Try it
Find the line containing "#대구연극 #대구뮤지컬 #대구공연". Retype it and every later line of the records exactly, leaving out pictures.

(Records from a data source)

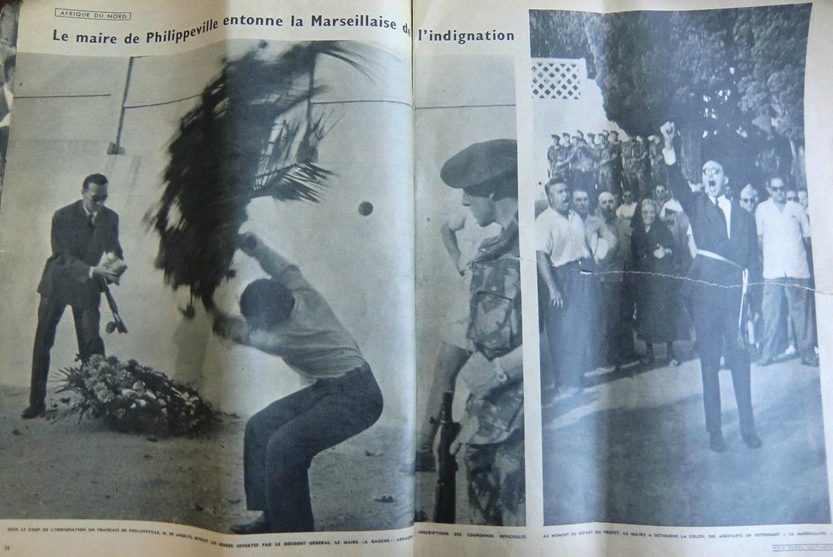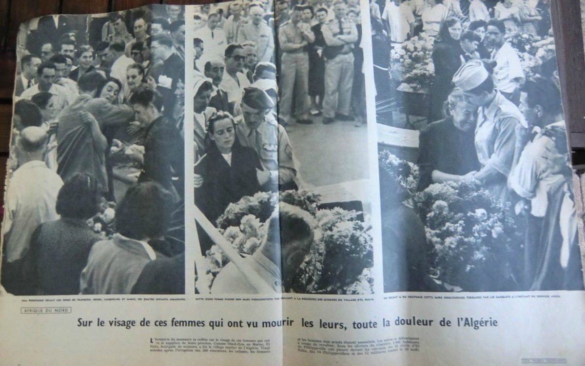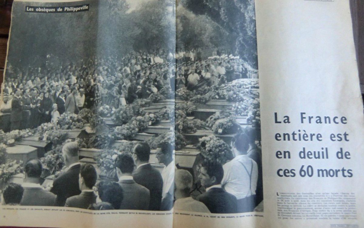 A Philippeville, lors des obsèques, c'est l'incident qui résume toute la situation. Soustelle, qui s'est repris, à El.Halia il était retourné, au bord de la nausée, transporté de rage aussi, a déposé avant de quitter la ville une gerbe devant les dépouilles des victimes, puis il a regagné Alger. Dupuch le représente au cimetière. Sur trois rangées les cercueils sont recouverts de fleurs entourés de toute la population. Les scènes qui se déroulent sont atroces. Une mère, Mme Rodriguez, folle de douleur, hurle le nom de ses quatre enfants massacrés. Plus loin, une jeune femme, le visage livide, hiératique, se tient près d'un cercueil. Des larmes silencieuses roulent sur ses joues creusées. Son mari, l'un des douze militaires tués le 20 août, va dans quelques instants reposer pour toujours dans le cimetière de Philippeville.
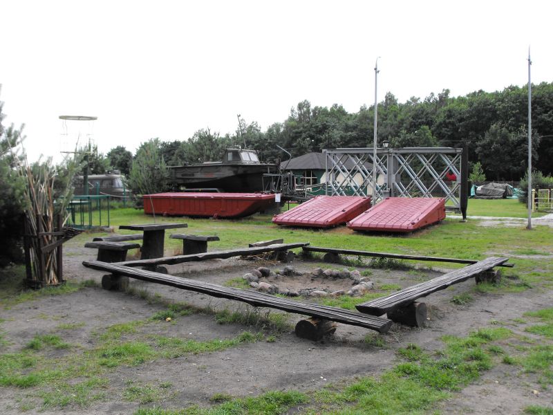 Miejsce na ognisko. W tle widoczne kuter holowniczy i most pontonowy.
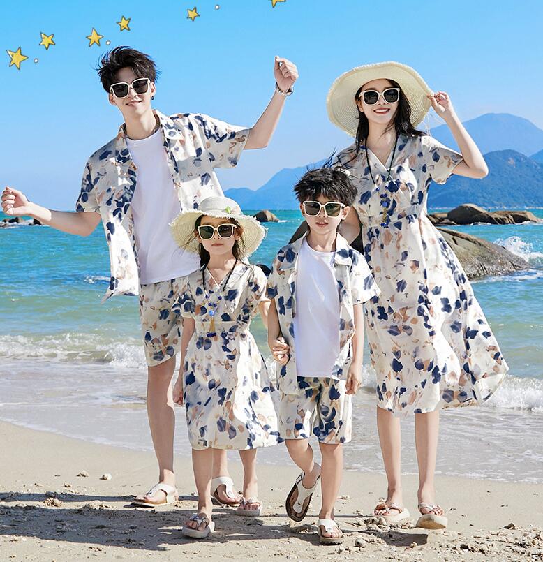 親子ペア 夏服 海旅行 衣装 アロハシ ドレス シャツ+半ズボン 白Tシャツ+半ズボン S M L XL XXL 3XL 4XL 90 100 110 120 130 140 150 160
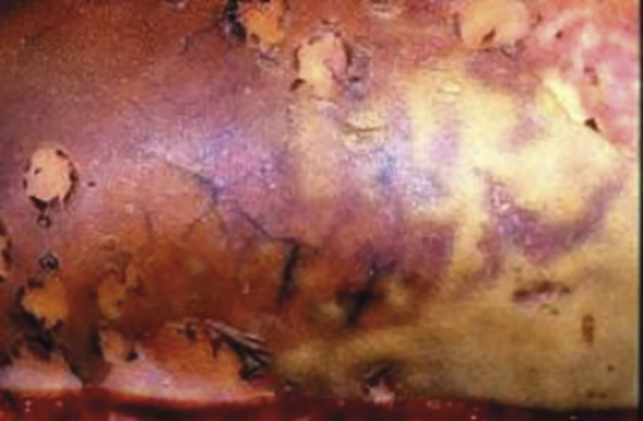 Enfin, celles du troisième degré (fig. 4 ), – escarres nécrotiques marron ou blanchâtres – requièrent une prise en charge chirurgicale d’emblée.
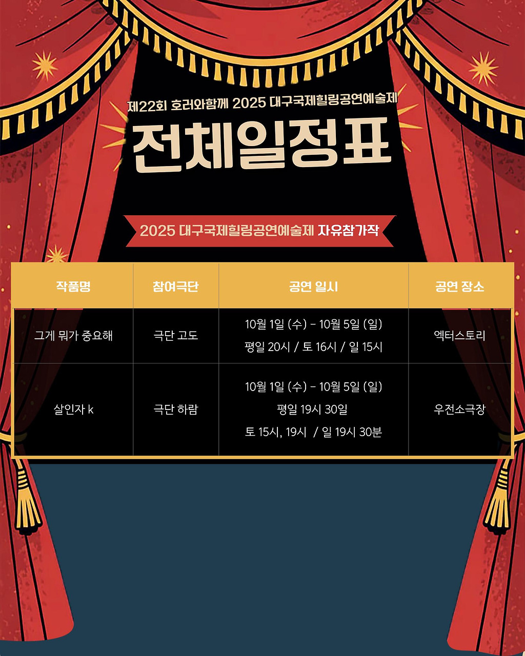#대구연극 #대구뮤지컬 #대구공연 #대구문화 #대구공연정보 #대명공연거리 #대구국제힐링공연예술제 #대구문화예술회관 #대구일반인극단 #대구일반인연극 #해아람 #포시즌스카이
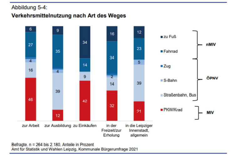 Auch wenn es im Bericht heißt: „Der motorisierte Individualverkehr (Pkw, Krad) stellt bei den Wegen zur Arbeit und zu Einkäufen aktuell den größten Anteil. Die in aller Regel nahezu täglichen Wege zur Arbeit werden von fast der Hälfte der erwerbstätigen Befragten mit dem Auto zurückgelegt. Auch (die regelmäßig stattfindenden) Einkäufe erledigen über 40 Prozent der Leipziger/-innen mit dem Auto.“
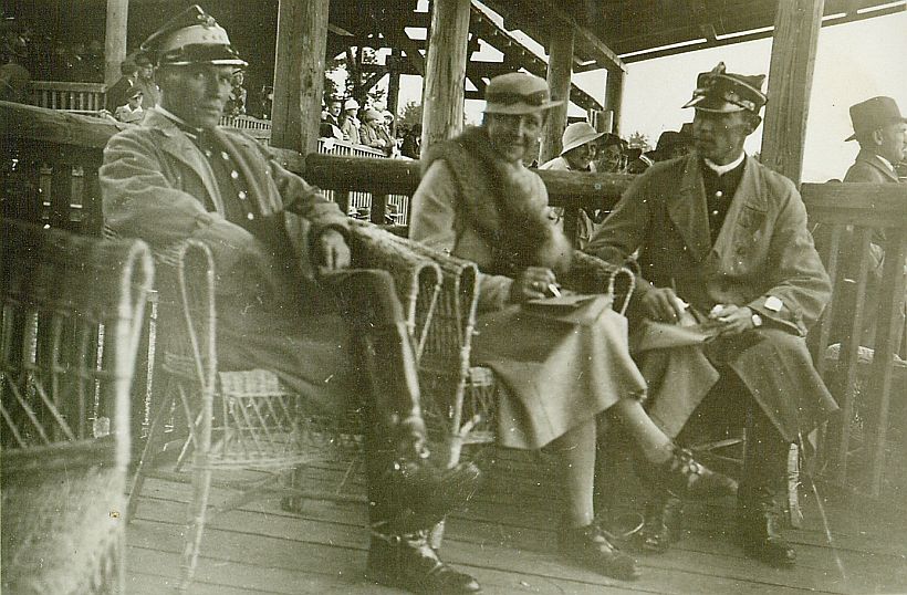 | Nr. inwentarzowy: MŁJ-XVI 1758 / 00 / 017 opis: Tor wyścigów konnych. W loży prezesa (prezes Wileńskiego Towarzystwa .Hodowli i Popierania Sportu Konnego gen. Marian Przewłocki, który codziennie wręczał zwycięzcom nagrody, gdy na torze nie było fundatora) siedzą: rtm. Władysław Zgorzelski, Wanda Bohdanowicz, por. Antoni Żelewski. Mężczyźni w mundurach, płaszczach, kobieta w płaszczu z kołnierzem z lisa i kapeluszu.czas powstania - daty graniczne: 1935-06-30 - 1935-07-21miejsce: Wilno, Pośpieszkaosoby: Rtm. Władysław Zgorzelski 1901-1998 Edynburg (15 p.u., jeździec klasy międzynarodowej, po wojnie trener); Wanda Bohdanowicz zd. Leska (1908-1991), córka Juliusza Leskiego i Marii zd. Olszyńskiej, żona Michała Bohdanowicza; por. Antoni Żelewski 1905-1994 (8 p.u., jeździec klasy międzynarodowej, instruktor).tworzywo: papier fotograficzny, błyszczącytechnika: odbitka żelatynowo-srebrowa DOP, czarno-białazespół: album rodziny Bohdanowiczówwymiary (wys. x szer.): 54 x 80 [mm]

Answer to the problem
#대구연극 #대구뮤지컬 #대구공연 #대구문화 #대구공연정보 #대명공연거리 #대구국제힐링공연예술제 #대구문화예술회관 #대구일반인극단 #대구일반인연극 #해아람 #포시즌스카이
 Auch wenn es im Bericht heißt: „Der motorisierte Individualverkehr (Pkw, Krad) stellt bei den Wegen zur Arbeit und zu Einkäufen aktuell den größten Anteil. Die in aller Regel nahezu täglichen Wege zur Arbeit werden von fast der Hälfte der erwerbstätigen Befragten mit dem Auto zurückgelegt. Auch (die regelmäßig stattfindenden) Einkäufe erledigen über 40 Prozent der Leipziger/-innen mit dem Auto.“
 | Nr. inwentarzowy: MŁJ-XVI 1758 / 00 / 017 opis: Tor wyścigów konnych. W loży prezesa (prezes Wileńskiego Towarzystwa .Hodowli i Popierania Sportu Konnego gen. Marian Przewłocki, który codziennie wręczał zwycięzcom nagrody, gdy na torze nie było fundatora) siedzą: rtm. Władysław Zgorzelski, Wanda Bohdanowicz, por. Antoni Żelewski. Mężczyźni w mundurach, płaszczach, kobieta w płaszczu z kołnierzem z lisa i kapeluszu.czas powstania - daty graniczne: 1935-06-30 - 1935-07-21miejsce: Wilno, Pośpieszkaosoby: Rtm. Władysław Zgorzelski 1901-1998 Edynburg (15 p.u., jeździec klasy międzynarodowej, po wojnie trener); Wanda Bohdanowicz zd. Leska (1908-1991), córka Juliusza Leskiego i Marii zd. Olszyńskiej, żona Michała Bohdanowicza; por. Antoni Żelewski 1905-1994 (8 p.u., jeździec klasy międzynarodowej, instruktor).tworzywo: papier fotograficzny, błyszczącytechnika: odbitka żelatynowo-srebrowa DOP, czarno-białazespół: album rodziny Bohdanowiczówwymiary (wys. x szer.): 54 x 80 [mm]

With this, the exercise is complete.